The village is filled with archetypes, many of whom are corrupt and obsessed with possession and ownership. Contrastingly, Balthazar and Marie represent the innocence of Jesus and Mary as is suggested by their suffering and the way Bresson frames them seraphically as if they were figures in a classic renaissance painting. Eventually, Marie is corrupted by the townspeople and Balthazar dies after being abandoned by the greedy people who once took care of him. The story is tragic, but Bresson’s understanding of people is not purely nihilistic, as he treats his subjects with care and nuance. He is not so held to time, but the film is marked by the start of a life and a death, and in this sense, he uses innocence as a juxtaposition to corruption to portray human existence even at its darkest and most complex.

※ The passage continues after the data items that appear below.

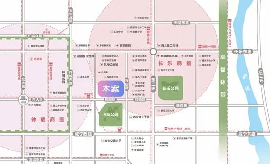 项目毗邻环城东路、东二环两大主环线;地铁1、3、4、6号地铁线环绕,距离地铁3号线长乐公园站约800米;地铁6号线长乐门站距离项目约900米;地铁1号线康复路站距离项目约1000米;地铁4号线大差市站距离项目约2000米;兴庆宫园北门站、兴庆路互助路口站包含:8路 ; 15路 ; 27路 ; 37路 ; 43路 ; 102路 ; 203路 ; 228路 ; 240路 ; 300路 ; 401路 ; 408路 ; 410路 ; 517路 ; 602路 ; 709路等近二十条公交线路,从交通出行而言,区域内路网四通八达。
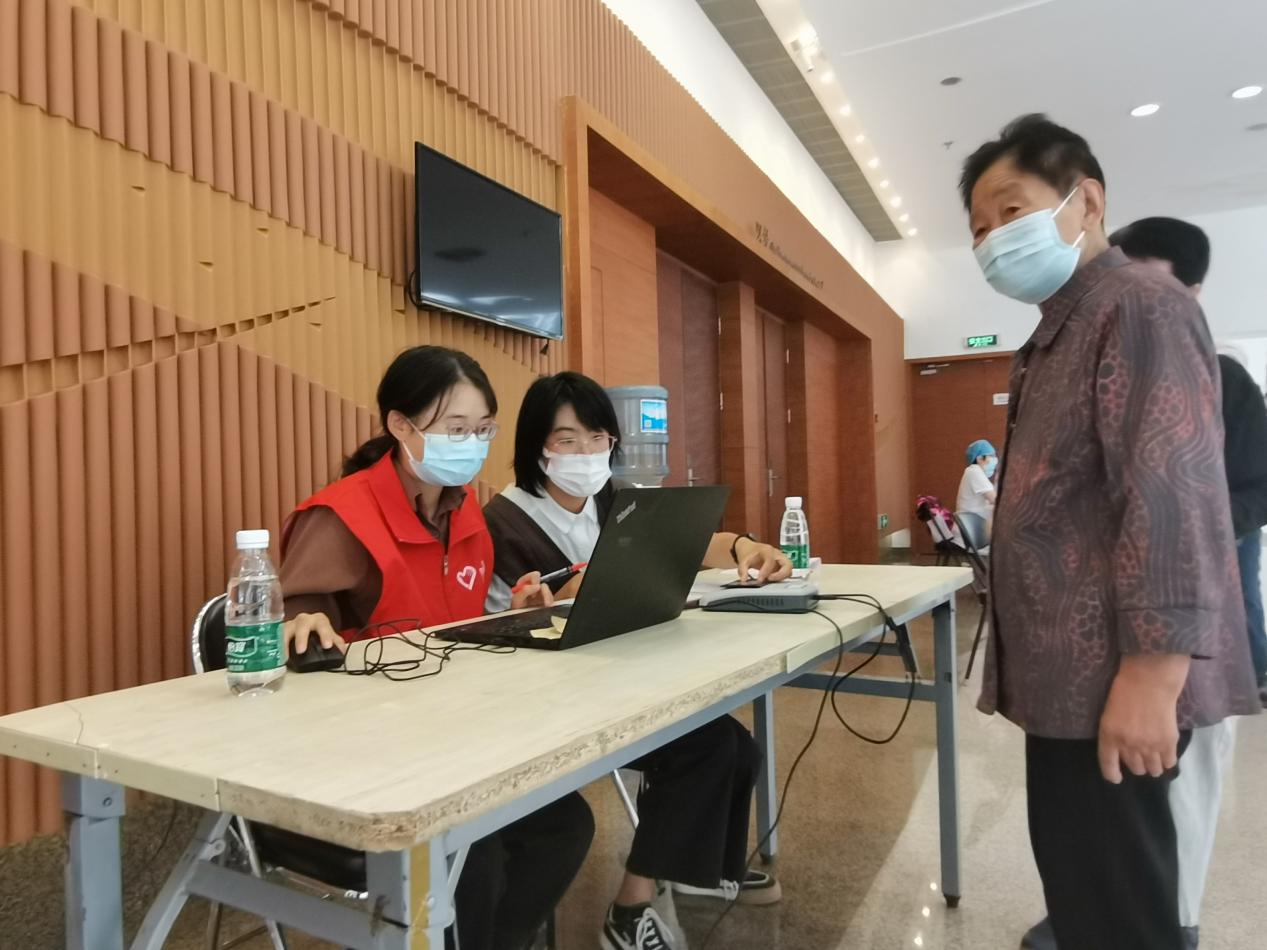 紫荆志愿者主要负责现场秩序维护、信息录入、药盒扫码等工作,各司其职、分工明确。除此之外,志愿者们还配合医护人员做好老人服务保障工作,遇到腿脚不便的老同志立刻主动上前搀扶,为无法自行填写流感疫苗知情同意书的老人代填信息,耐心解答老同志们的问题。工作内容虽然不难,但在人流量大时工作量也不小。来自土木系的2021级本科生李林晟说:“有时候上一份还没填好,就需要帮助填写下一份,身上被汗水打湿,讲话也讲到口干舌燥,脑子都快转不过来了。但每当听见老人们说‘幸好有你们在这儿’‘谢谢你们’时,我感觉一切汗水与疲惫都烟消云散,自豪感与收获感油然而生。希望日后还能参加更多敬老爱老的志愿服务活动,发挥自身能力去帮助他人。”
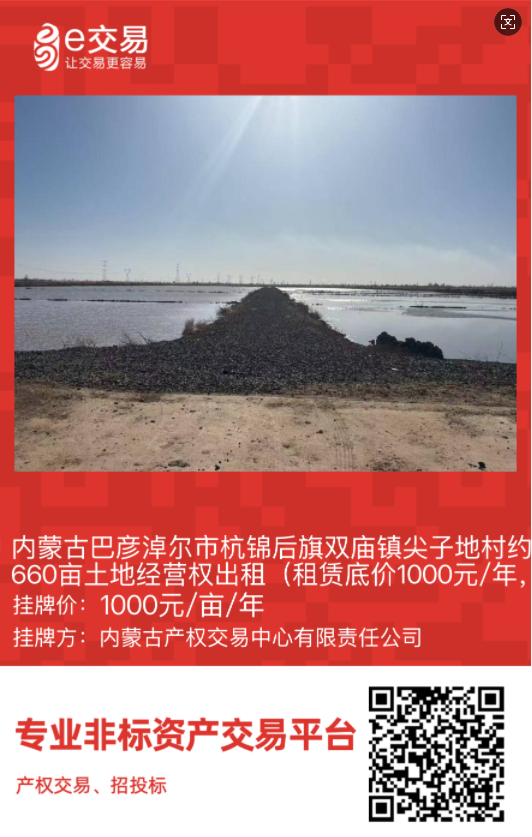 巴彥淖爾市首宗規(guī)范化農(nóng)村產(chǎn)權(quán)交易掛牌!杭錦后旗雙廟鎮(zhèn)尖子地村660畝高標準農(nóng)田經(jīng)營權(quán)公開出租
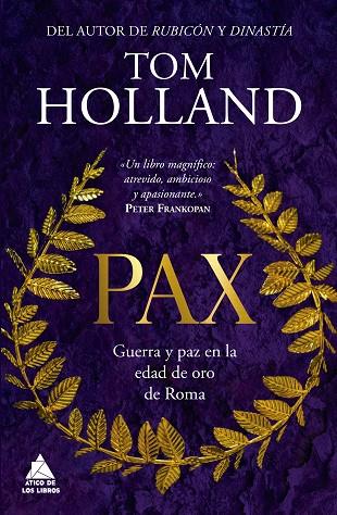 Pax narra la deslumbrante historia de una Roma en la cúspide de su poder, historia que comienza en el 69 d.?C., cuando cuatro césares gobernaron el imperio en fugaz sucesión, y termina siete décadas más tarde, con la muerte de Adriano. Desde el brillo de la capital hasta los reinos allende las fronteras romanas, el célebre historiador Tom Holland retrata el imperio en todo su esplendor. Asistiremos absortos a un desfile de espectaculares e impactantes escenas, como la destrucción de Jerusalén y Pompeya, la construcción del Coliseo o las conquistas de Trajano. Holland hace que los romanos cobren vida ante nuestros ojos, desde el más humilde esclavo hasta el emperador, y muestra cómo la prosperidad de la paz romana se construyó también gracias al poder sin precedentes de las legiones.
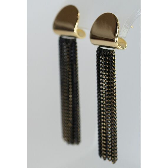 Серьги из гипоаллергенного ювелирного сплава желтого и черного цвета. Без вставок. Высота серег-5,0см, ширина-1,5см. Застежка- пусет.
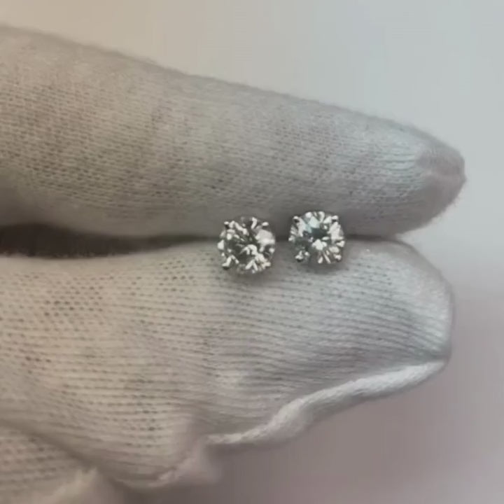 Stone Specifications : There is one diamond approx. 0.95 carats in each earring. Natural earth-mined diamonds.
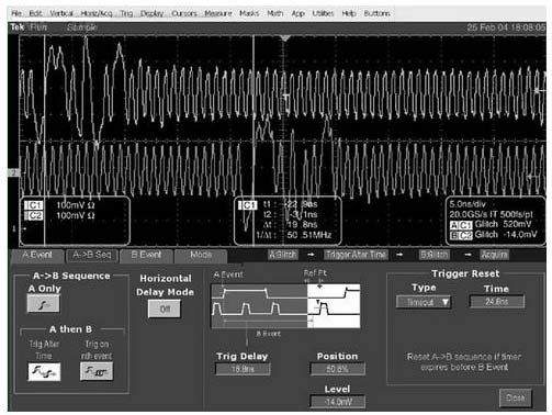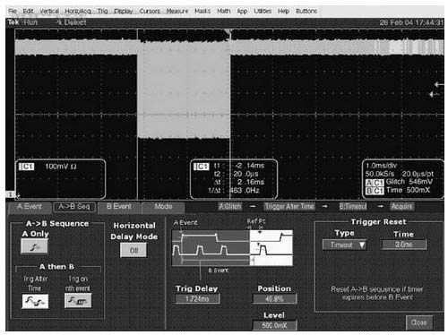 在這一過程中,A事件啟動延遲計數(shù)器,計算脈沖數(shù)量。一旦產(chǎn)生了32個脈沖,它會使B觸發(fā)器監(jiān)測第33個脈沖。當檢測到特定脈寬時,B系統(tǒng)便設(shè)成觸發(fā)采集,這時,示波器觸發(fā)并記錄數(shù)據(jù)。如果沒有第33個脈沖,復(fù)位條件會重新準備A觸發(fā)器,再次啟動整個流程。
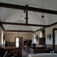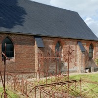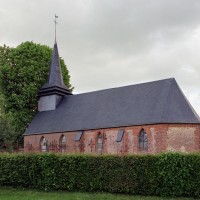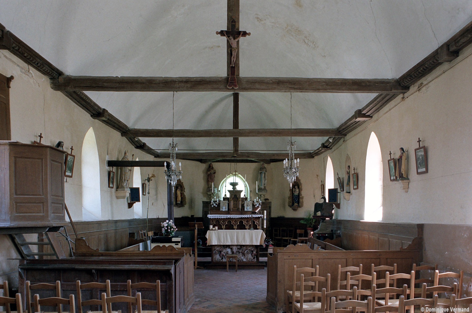 Le matériau utilisé est la brique, seule pour la moitié ouest, associée à du silex – sans doute par souci d’économie – pour l’autre partie. Toutes les fenêtres ont un tracé brisé, qui n’a jamais cessé d’être utilisé même après le gothique. L’intérieur est couvert d’une intéressante charpente en carène surbaissée, de la même époque.
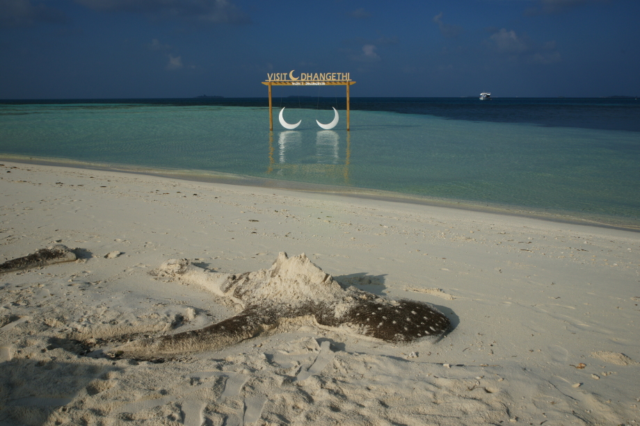 | ダンゲティ島 | 南アリ環礁の東側に位置しヴィラメンドゥ、ランヴェリの南側に有り更に南にはディグラ島。 徒歩30分位で1周出来る位の小さな島で、マーレから人や物資を運ぶ船の入る港と反対側に 小さなボートを付けるジェティが有る。 ホテルは小規模の物が10件くらい土産物屋、売店等も有る。 |

THE CASSANDRA CAT (1963) BY VOJTÊCH JASNY
THE CASSANDRA CAT is the most pleasant film I have seen in a long time. I haven’t seen a ton of Czech films, but something that I can say about Czech films from this New Wave era is that they are so literally out of this world. Jasny’s fantasy film is a narrative framed by the film’s somewhat omniscient narrator Oliva, who tells the time and shares the lives of the townspeople with the audience, emphasizing the individual and intersecting lives of people and actively engaging the viewer. This framing is both a meditation on storytelling and where that tradition fits into film. Jasny experiments with the medium while also demonstrating the infectiousness of creativity through sincerity with oneself, especially while the local school’s headmaster tries to control the children by stunting their creativity through his authoritarian rule. Similar to BALTHAZAR, a cat comes to town with a magician and his assistant, and its gaze exposes a corruption that has overrun the city and aims to fill it with color again.
THE CASSANDRA CAT is one of the most unique visual experiences I’ve had watching a film. At this point, as viewers, we are aware that almost anything can happen on screen through editing and that the rules of film do not always align with the rules of reality. Despite this, there is still something so magical in the spectacle of the film and the use of post-production color editing as something intertwined with the storytelling. The magician puts on a show for the townspeople (both diegetic and not), and as the audience we are equally implicated in that moment. Jasny prompts the viewers to think about the many layers of illusion that can be achieved with film that are on the one hand immersive and on the other contradictorily self-aware. Ultimately, a magical cat forces a town to reconcile with their corruption and turns kids into artist-anarchists, and through self-reflexive filmmaking we are involved as well. I had so much fun watching this, but there were moments that felt like a musical in a way that bordered a little too earnestly family friendly and didactically moralizing for me. However, it was the most unforgettable and magical film I have seen in a long time. I can’t wait to keep exploring Czech Cinema.
Also I noticed the name of this film changed to WHEN THE CAT COMES on Letterboxd, but The CASSANDRA CAT is the way I have always heard it.